Express Checkout Experiment and Desire

Let's face it, my hope is that I will walk into my closet and a fabulous, flattering outfit will appear. Every day. Like magic...


Unfortunately, that doesn't happen.

Don't get me wrong: I am happier than a year ago, now that I've reduced my wardrobe to 20 workable pieces and rediscovered the power of my many accessories and shoes... but "fabulosity" is still out of sight on an everyday basis.

First, when a week has me stressed -- like this one -- I either forget to prepare tomorrow's outfit the night before or discover a key element is missing... like the dress I forgot to pick up from the dry cleaner, which was the basis of the day's outfit. Oops. Or little things like ironing my cotton shirts is pushed aside too many times to eliminate the wrinkles.

Second, the weather becomes unpredictable and the need for incresing or decreasing layers becomes paramount. The question of which coat/scarf/gloves adds another series of choices... too many for the rushed morning yesterday...

Where I left my wallet and campus i.d. home and couldn't get into the parking lot. Or buy lunch.

Third, summed up by two words: body issues. Yes, I want clothing that magically makes me look like Charlize Theron when I put it on. Long-legged, tall, curvy yet slim.


But in my fantasy brain where mermaids ride unicorns and pixies are best friends with dragons and I am married to Johnny Depp or Tom Brady, these things COULD happen. And at 7:30 am in the morning, my fantasy brain is in four-wheel drive mode.

Diversion: when I was in my 20s I had a friend who lost about 70 lbs. She'd been heavy all her life, and now she wasn't: certainly, things were going to happen differently, right? (Like marrying Johhny Depp or Tom Brady! Like a fabulous job offer out of the blue! Like people taking her seriously!) Wrong! She did radically change her physical appearance and her health by losing all that weight, but she didn't change the inner person, who still thought of herself as unattractive and uninteresting. After the first weeks of everyone commenting on the change and flattering her, life went on: more or less unchanged. No Depp, no new job, no long-term attitude shift from others. In turn, she fell back into comfortable, bad habits and regained 30 pounds, she went back to her old (now baggy) clothing, she stopped trying new things.

The point of my story is this: just because I focused my wardrobe, just because I am paying attention to scarves and shoes and jewelry again, doesn't mean my clothing is going to solve my other, non-wardrobe problems. Doesn't mean that I will end up married to Johnny Depp or Tom Brady (neither of whom I know personally, by the way, just in case you're thinking of starting a rumor), or having a radiant love affair with anyone else, either.  Or make up for a late start in the morning, or being stressed, or just not planning.

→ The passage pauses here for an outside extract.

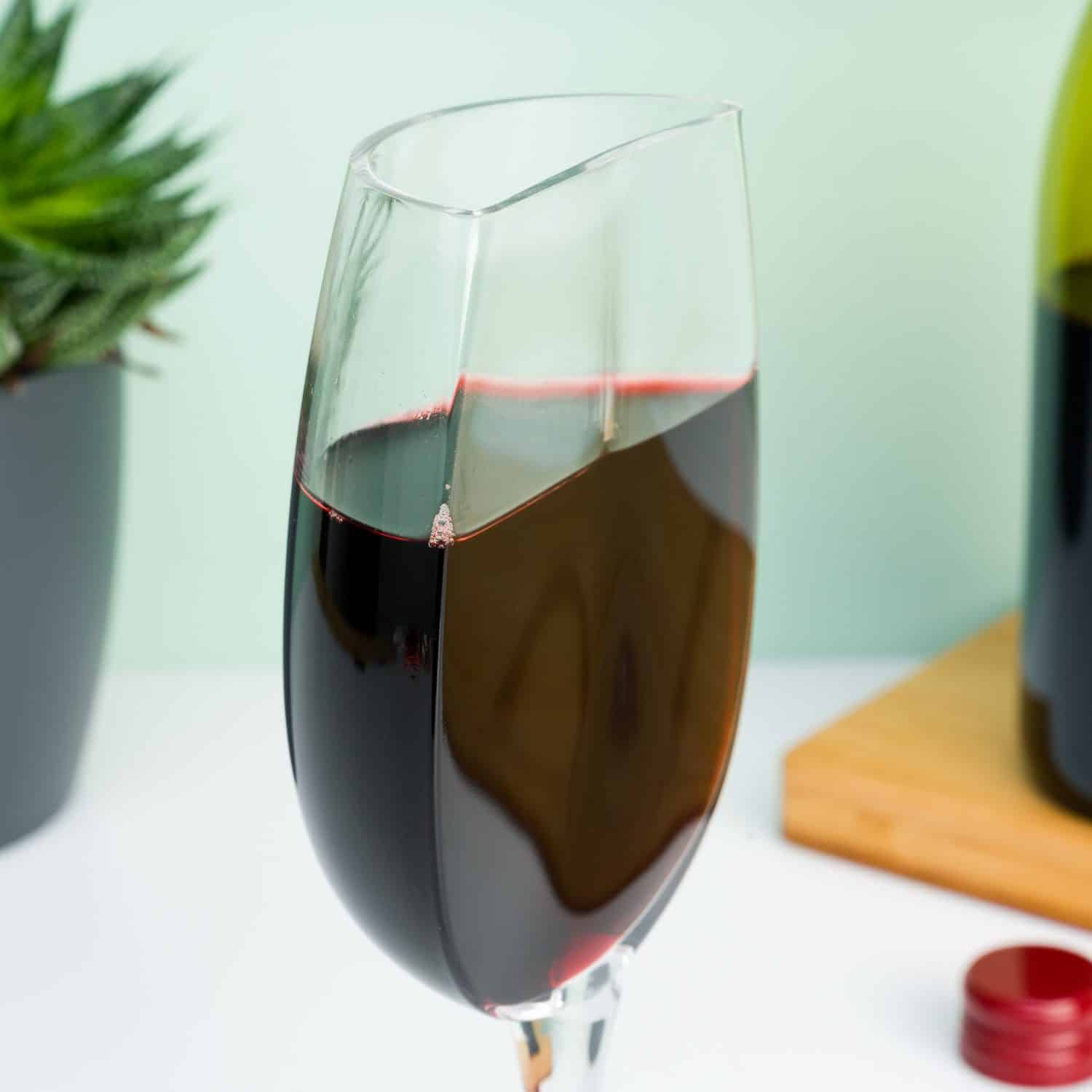 Wil je bescheiden schoonvader maar een half glaasje wijn? Heb je van die vrienden die aan het eind van de avond nog een half glaasje willen voor ze naar huis gaan? Serveer de wijn in het Half wijnglas van Winkee! Dit super grappige wijnglas lijkt gehalveerd: de ene kant is rond en de andere kant plat. Een ideaal glas voor mensen die maar halve glaasjes drinken.

Those days, I am going to end up in boots, jeans, and a turtleneck from Old Navy. With my everyday rings and earrings, and nothing else. My wardrobe is important to me, but it is an external thing that is meant to enhance the total "me," not substitute for it.

If I want my clothes to make me "feel" like Charlize Theron, I need to exercise more and move my figure somewhat closer to hers (without the long legs). If I want to have my clothes make me feel more "fabulous" every day, I need to get rid of anything that doesn't, attend to those pieces that do, pick up my dry cleaning, iron the shirts, and define "fabulous" for me, not Charlize.

And by the way, there's nothing wrong with wearing jeans, boots, and an Old Navy turtleneck occasionally... thank goodness I work in a place where I can dress like that sometimes, but not everyday.